I'm doing some ELISA development, and I'd like some justification/best practices for background correction. I'm using a horseradish-peroxidase (HRP) detection system along with a TMB substrate and an acid-based stop solution, which is quite common. When TMB is cleaved by HRP, it produces a blue (maximum absorbance (Amax) of 650 nm) product. The addition of the acid not only stops the reaction for endpoint detection, but it amplifies the signal two- to three-fold, and turns the solution yellow, so that it should be read at its Amax of 450 nm. The acid itself supposedly has an Amax of 540 nm, which is why you should use that wavelength for background correction, subtracting it from the A450. Other sources claim the A540 reading is supposed to correct for "optical imperfections" in the plate.

Using either of these explanations, one would assume that the A540 would be relatively uniform across the plate, independent of the A450 of the same well. However, in my experience, that is not the case at all. My blanks and negative controls are averaging about 0.041 absorbance units (AU) at 540 nm, with an average A450 of about 0.065. However, an A450 of 0.9 gives an A540 of 0.051, 1.4 gives 0.6, 2.0 gives 0.73, and 3.5 gives about 0.14. The absorbance spectrum (Fig. 2) of the substrate appears to be quite minimal at 540 nm, so why am I seeing this dose-dependent increase as the A450 increases?

More practically, how should I do background correction? Currently, I'm subtracting each individual well's A540 from its A450. Should I continue this practice, or should I determine an average plate background at 540 nm using my blanks and negative controls, and subtract that value from each individual A450?


1 Answer 1


Using different wavelength for reference give some advantages. You can measure a baseline of each well. All well might not have the same baseline because each well might not be the exactly same as others. In addition, you could make scratches on it, you might touch the bottom, or you get some dirt from your bench. And this can be corrected by A540 in your case. So, variations at a lower range are not much concerned. Sometimes, even if you choose a wavelength where the absorbance seems not to change after reaction, there might be a small change. This is not concerned ether, because both absorbances are concentration dependent unless states in solution do not change (froming complexes or something like that).

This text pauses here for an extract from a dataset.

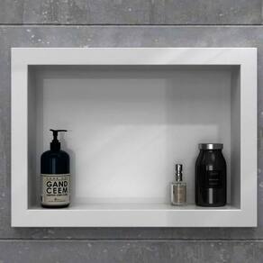 Nicho Bosi Médio Branco - 45x10x33 Nicho de mármore sintético, confeccionado através de processo de injeção de resina com granilha de pedra de mármore e revestimento de gelcoat de poliéster que dá brilho ao produto. É um produto ecologicamente correto e econômico, não absorve água e é mais leve que pedras naturais, proporcionando mais conforto na instalação e limpeza. Marca: Não Informado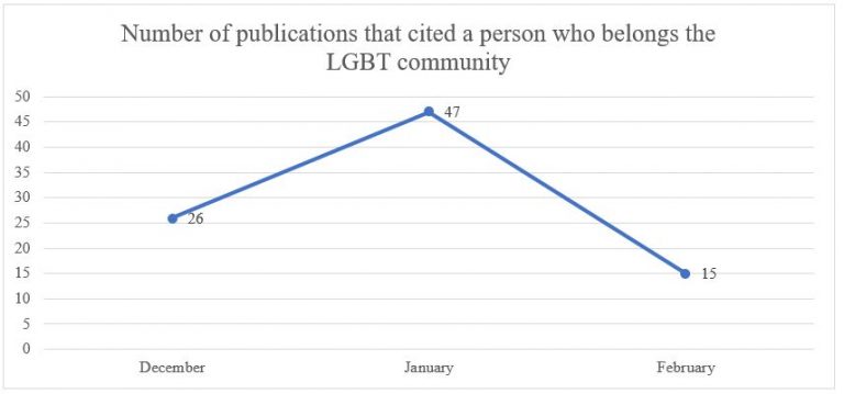 15 publications cited a person belonging to the LGBT community (6 transsexual or transgender people, 9 gay people). Notably, after observing an increase in citations in January that were caused by the win in the ECHR, the number of publications quoting an LGBT person has dropped.

But still, you get high background from samples showing 1.4 or more at A450. I do not have experiences for this substrate, but you might want to think several possibility: 1)You might get bubbles on the top of your solution in the wells, 2)You might not get accurate values because OD is too high, 3)The solution might get precipitates 4)This may be a very less possibility, but some secondary reaction occurs.

For 2), 3), and 4). You might want to check linearity by drawing a standard curve, and avoid to use the range deviating from the liner relation.

PS I should've mention that you would check the specification of your plate reader. OD=3 could be way to high to measure it. Because light intensity decreases to one thousandth though 1 cm light path at OD=3. It is very hard to measure such weak lights exactly. Probably many specifications of plate readers say you could measure ODs up to around 2, but some people think it is ideal to measure ODs up to around 1.